Arbiter is an open-source permissioned signing service for cryptocurrency wallets. It runs as a background daemon with an optional desktop client for vault management.

Core guarantee. The vault never exposes private key material under any circumstances. It only produces a signature when the request satisfies the policies configured by the owner — automation tools and SDK clients get exactly the access they were granted, nothing more.

Authentication. Every peer — whether a management client or an automation tool — authenticates via public-key challenge-response. The server issues a nonce-based challenge, the peer signs it, and the server verifies before allowing any operations. On first run, a one-time bootstrap token registers the first management client; all subsequent SDK clients must be explicitly approved by an already-registered owner.
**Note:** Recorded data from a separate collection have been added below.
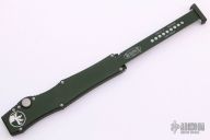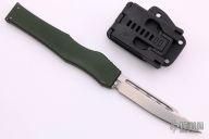 This Halo V OTF automatic has a stonewash blade with a standard edge. OD green aluminum handle. Comes with original box, papers and kydex sheath with TekLok. Dated 04/2015 and S/N 14503. Excellent condition.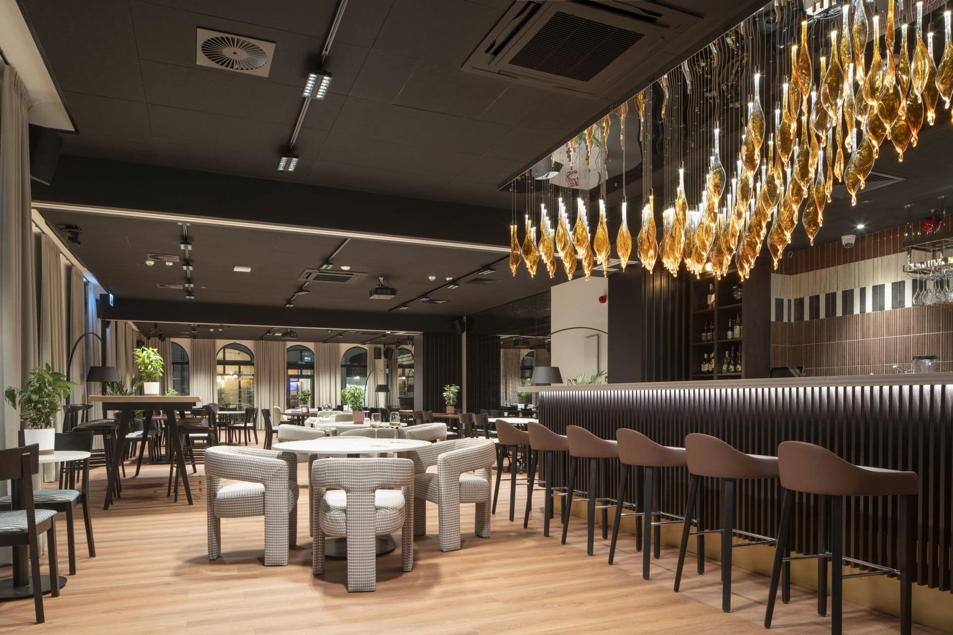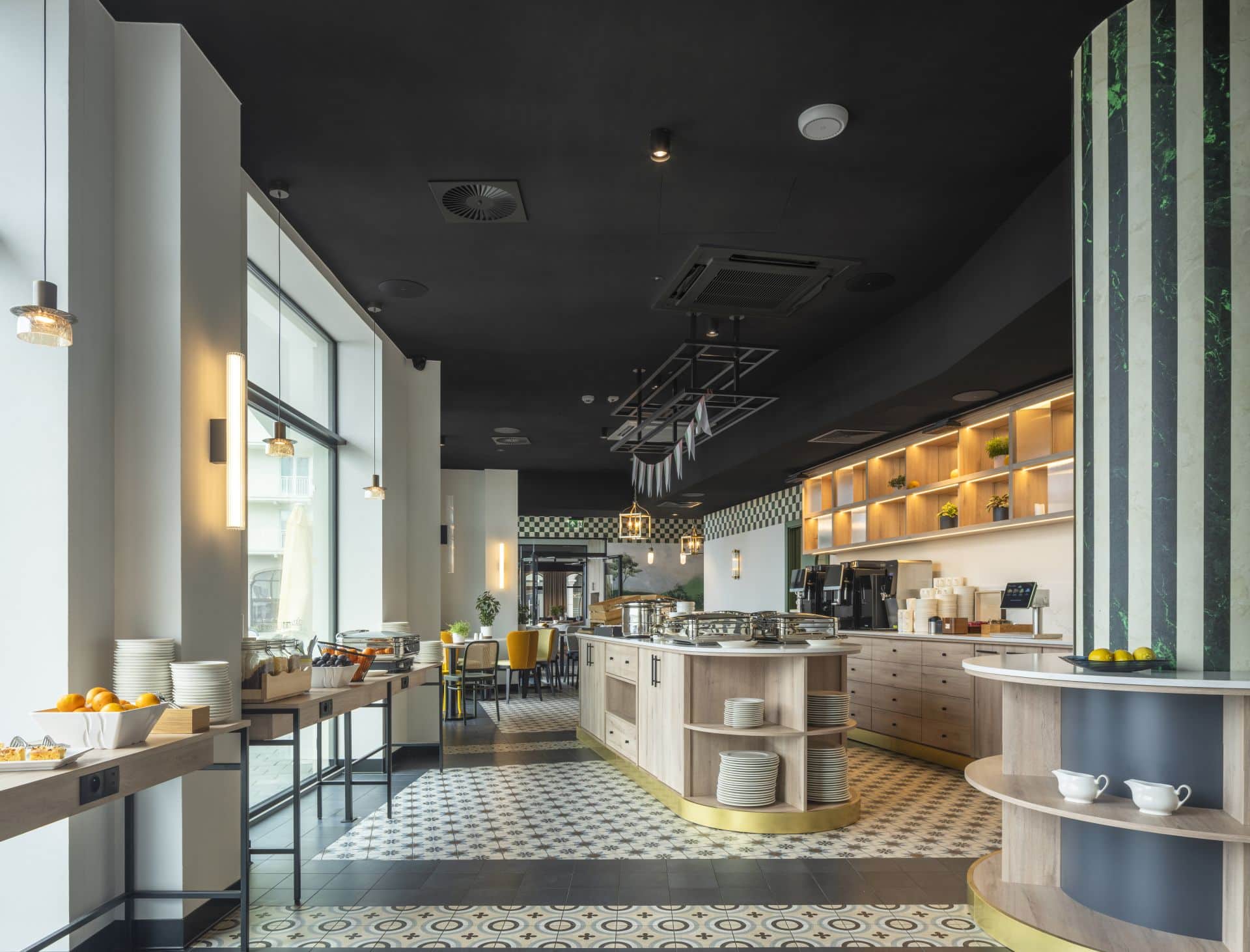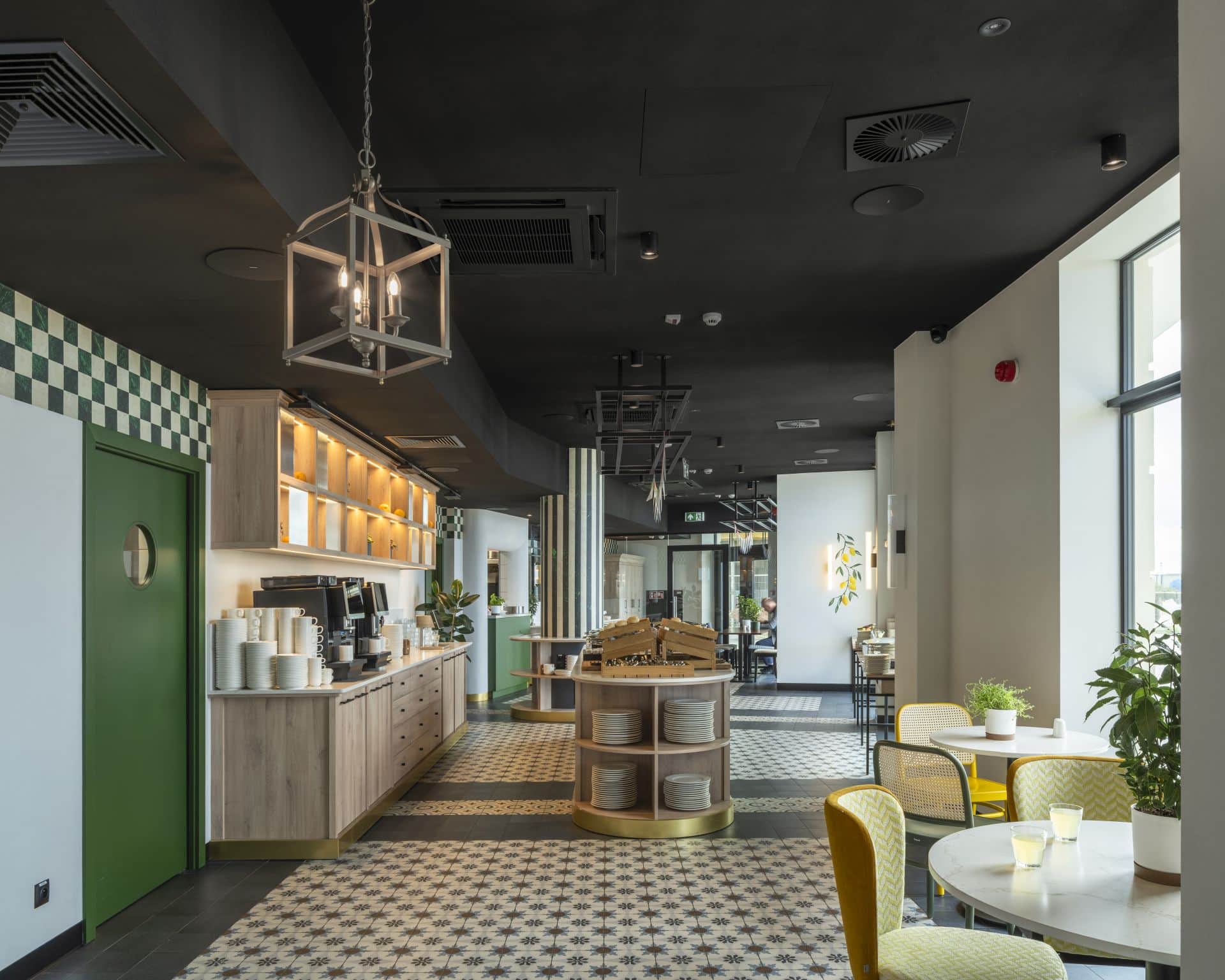 Architekci Tremend poproszeni zostali o zaprojektowanie wnętrz, które oddadzą domową atmosferę rodzinnej włoskiej restauracji. Inspirację tę najsilniej oddają wnętrza części restauracji, która w godzinach porannych służy jako miejsce śniadań, w ciągu dnia zaś przekształca się w restaurację a'la carte. Stylistyka tej sfery zaprojektowana została w duchu włoskiej trattorii. W jasnych, pełnych światła wnętrzach panują ciepłe, naturalne materiały, roślinność oraz elementy dekoracyjne inspirowane włoskimi domami. W zestawieniu ze stylowymi, tapicerowanymi sofami i krzesłami, wnętrze tworzy przytulną atmosferę, która zaprasza do środka, zachęcając do niespiesznego celebrowania chwili.
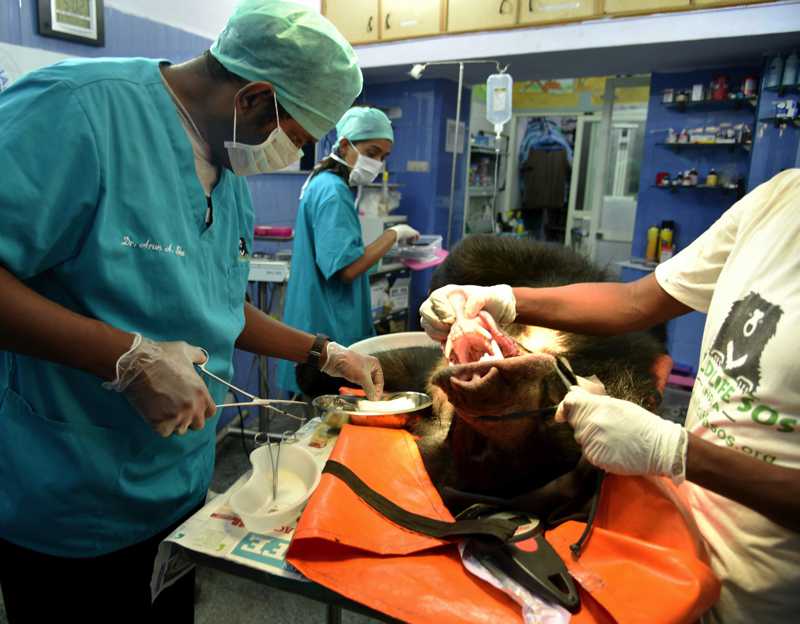 The sloth bear identified as a male, is about 6 to 7 years old and has suffered massive injury and internal damage to his mouth, head and neck regions. As the bomb had gone off inside the bear’s mouth, it had sustained a severe fracture in its upper and lower jaws going into the skull. His condition has been deemed critical and is currently kept under close observation at the Bannerghatta Bear Rescue Center.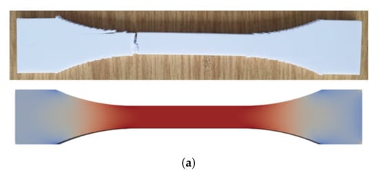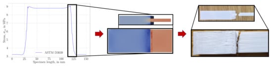 As also mentioned in its corresponding standard [58], ASTM D3039 and ASTM D3039 angle specimens did fail near the tab sections, although this situation was undesired. According to the suggestion in ASTM D3039, more than 40% of failures near the clamping end set the design in question. The design of ASTM D3039 has been realized for fiber-reinforced composites such that the localization of stress is different than herein. We schematically show this situation in Figure 13.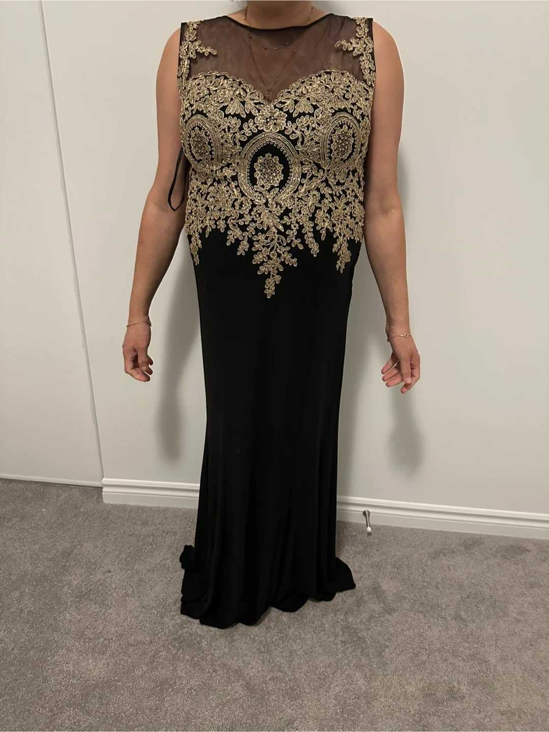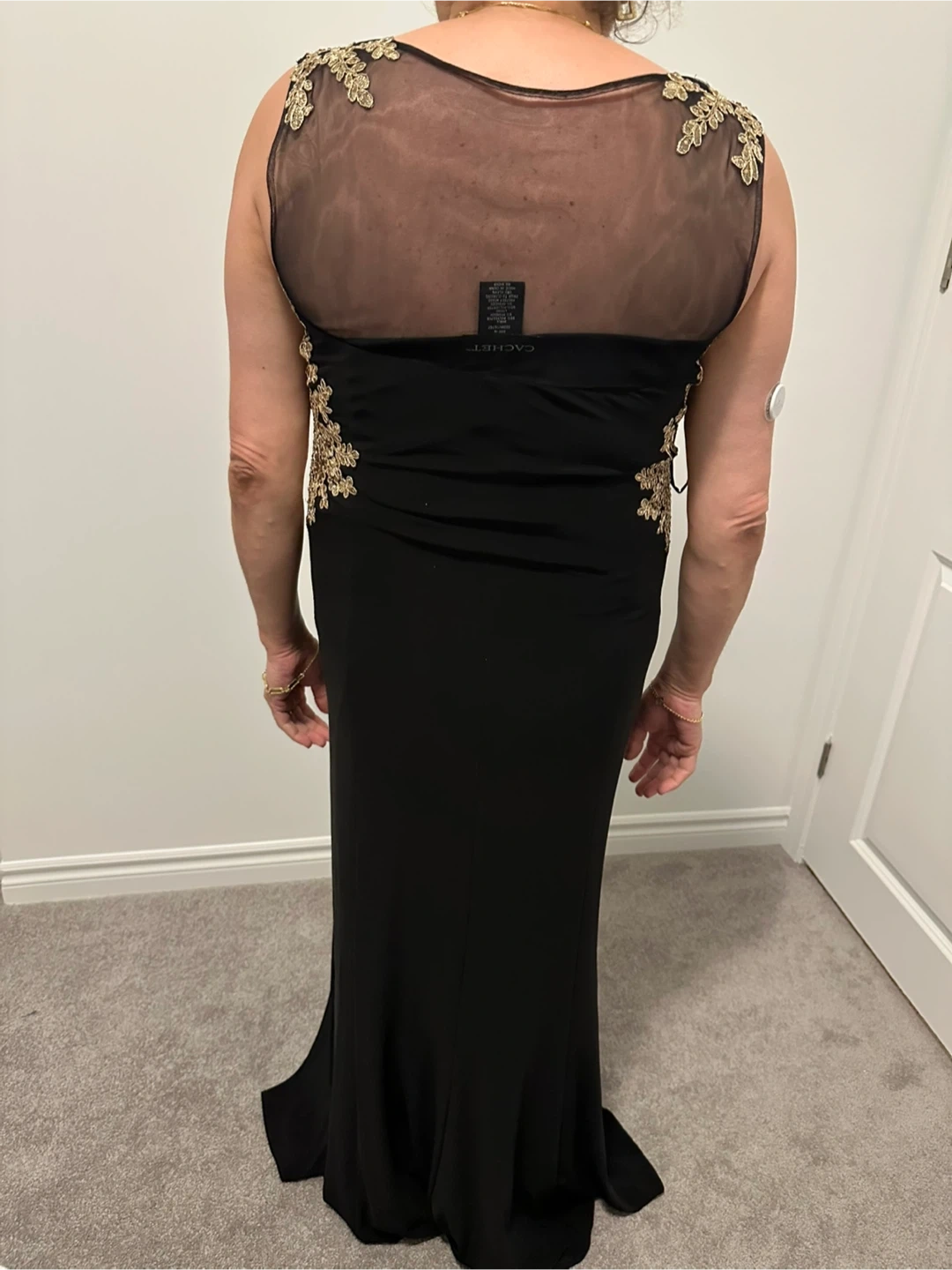 Selling a size 16 beautiful Cachet formal gown! It's black with stunning gold detailing. Perfect for a special occasion.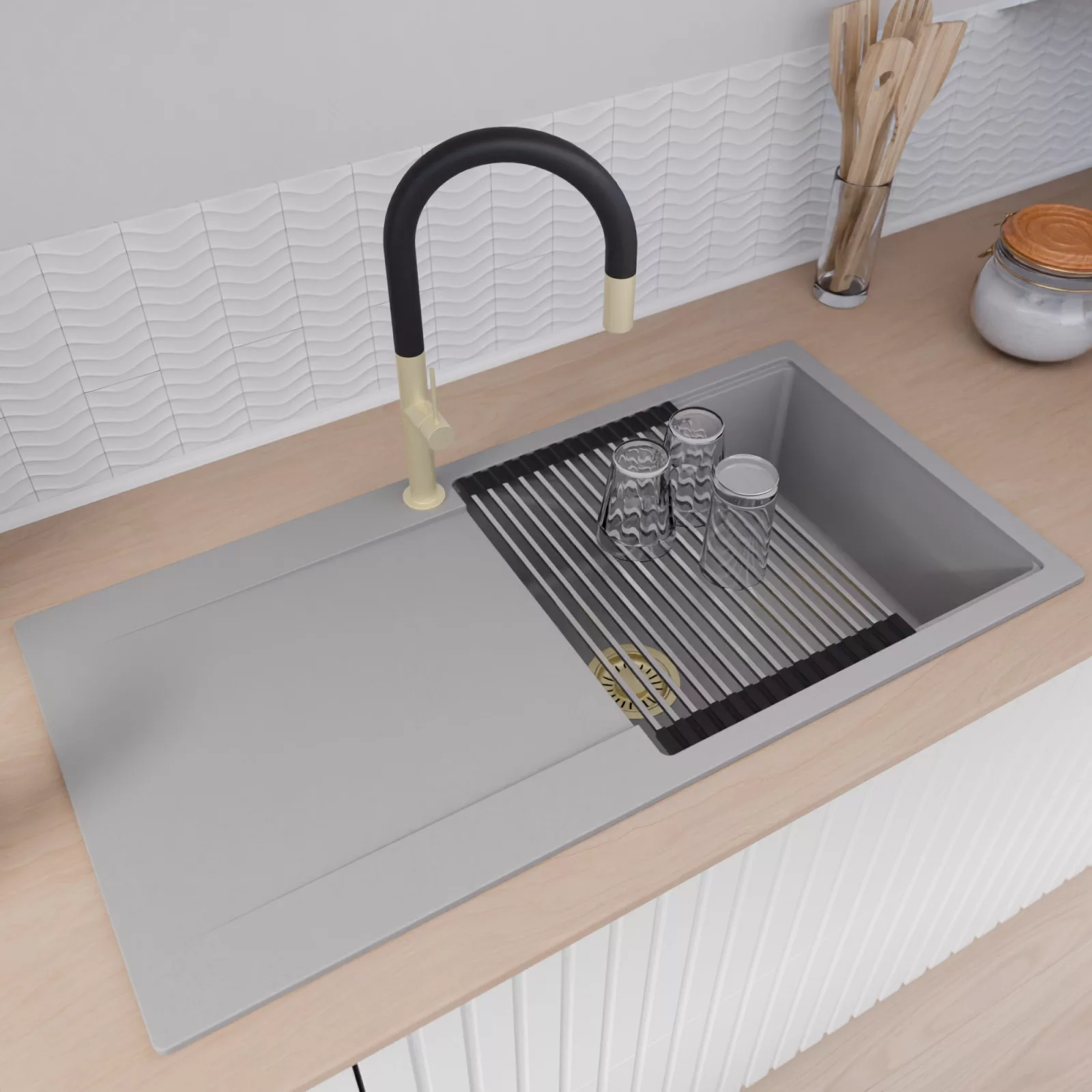 A mosogató prémium minőségű gránit kompozitból készült. Letisztult megjelenése mellett rendkívül praktikus, így bármilyen stílusú konyhába harmonikusan illeszkedik. A strapabíró gránit anyag hosszú távon is megbízható használatot garantál.

Key hierarchy. Keys are arranged in three layers: a user password derives the root key, and the root key encrypts individual wallet keys. This means password rotation only re-encrypts the root key — not every wallet — and root key rotation is independent of the user’s password. Everything at rest is encrypted with versioned symmetric AEAD; the vault automatically migrates older entries to the current scheme on unseal.

Vault lifecycle. On startup, Arbiter boots in a Sealed state and cannot produce any signatures. To unseal, the management client encrypts the password with a server-generated one-time key and sends the ciphertext — the plaintext password never travels over the wire. Once unsealed, the root key is held in a hardened memory cell protected against dumps, page swaps, and hibernation files.

Permission engine. SDK clients have zero access by default. Grants are issued explicitly by the vault owner, scoped to a specific wallet and chain. For EVM chains, Arbiter decodes known contract calls and presents them with human-readable meaning (e.g., “transfer 500 USDT to 0x…”), enforcing configurable volume limits, rate limits, and time-window restrictions per grant. Unknown contracts can also be permitted with transaction count and rate caps. Nonce management is handled automatically to prevent replay attacks.